Hannah’s new novel is an homage to the extraordinary courage and endurance of Frenchwomen during World War II.
In 1995, an elderly unnamed widow is moving into an Oregon nursing home on the urging of her controlling son, Julien, a surgeon. This trajectory is interrupted when she receives an invitation to return to France to attend a ceremony honoring passeurs: people who aided the escape of others during the war. Cut to spring, 1940: Viann has said goodbye to husband Antoine, who's off to hold the Maginot line against invading Germans. She returns to tending her small farm, Le Jardin, in the Loire Valley, teaching at the local school and coping with daughter Sophie’s adolescent rebellion. Soon, that world is upended: The Germans march into Paris and refugees flee south, overrunning Viann’s land. Her long-estranged younger sister, Isabelle, who has been kicked out of multiple convent schools, is sent to Le Jardin by Julien, their father in Paris, a drunken, decidedly unpaternal Great War veteran. As the depredations increase in the occupied zone—food rationing, systematic looting, and the billeting of a German officer, Capt. Beck, at Le Jardin—Isabelle’s outspokenness is a liability. She joins the Resistance, volunteering for dangerous duty: shepherding downed Allied airmen across the Pyrenees to Spain. Code-named the Nightingale, Isabelle will rescue many before she's captured. Meanwhile, Viann’s journey from passive to active resistance is less dramatic but no less wrenching.
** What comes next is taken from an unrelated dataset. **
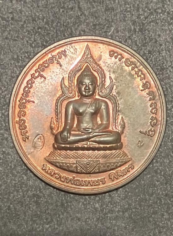 เหรียญบาตรน้ำมนต์ หลวงพ่อเงิน วัดบางคลาน หลังหลวงพ่อเพชร จ.พิจิตร ปี2542-2543 รุ่นพระพิจิตร เนื้อนวะโลหะ |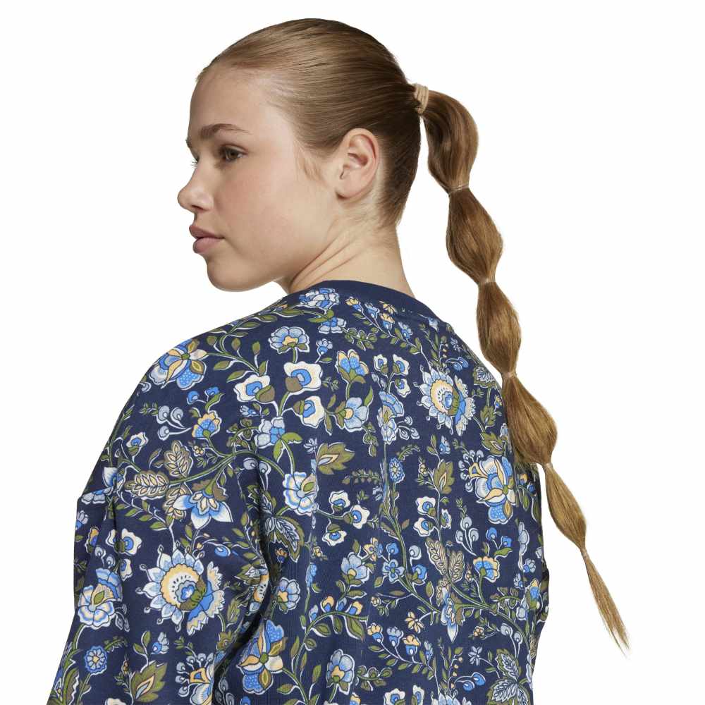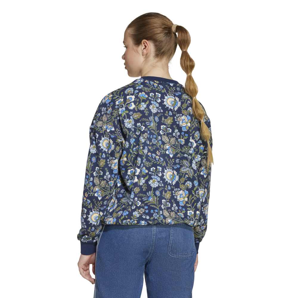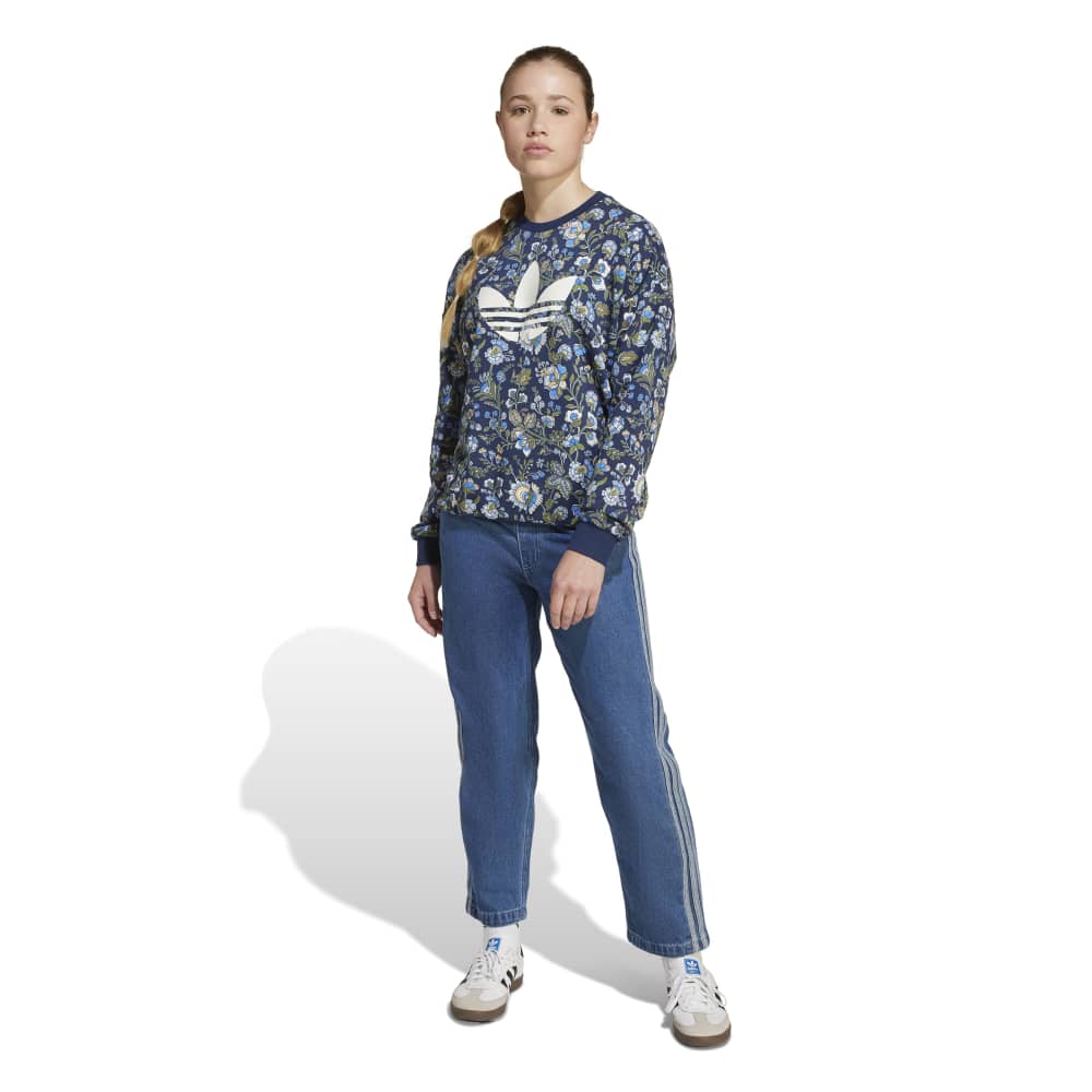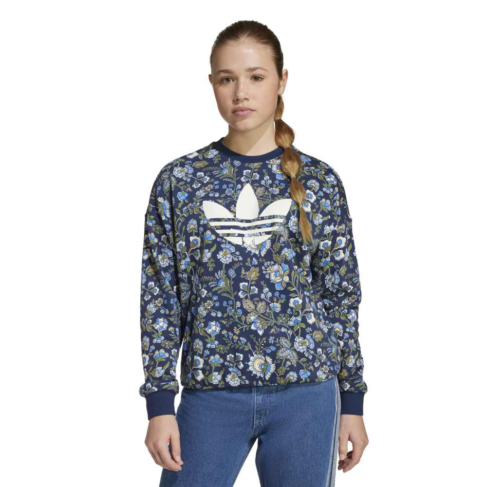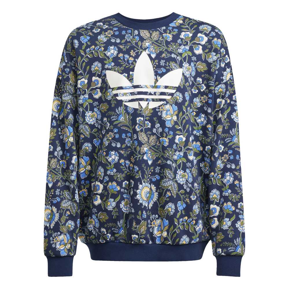 - Introducing the adidas Liberty Crew, a vibrant and artistic sweatshirt for juniors. This loose-fit, long-sleeve knit is a collaboration with Liberty London, renowned for its heritage and craftsmanship since 1875. Featuring a printed Trefoil logo, the design showcases detailed patterns of swirling leaves and flowers, inspired by archival prints and Indian chintz-style florals. Made with cotton and recycled polyester, it combines comfort with a versatile design.

Hannah vividly demonstrates how the Nazis, through starvation, intimidation and barbarity both casual and calculated, demoralized the French, engineering a community collapse that enabled the deportations and deaths of more than 70,000 Jews. Hannah’s proven storytelling skills are ideally suited to depicting such cataclysmic events, but her tendency to sentimentalize undermines the gravitas of this tale.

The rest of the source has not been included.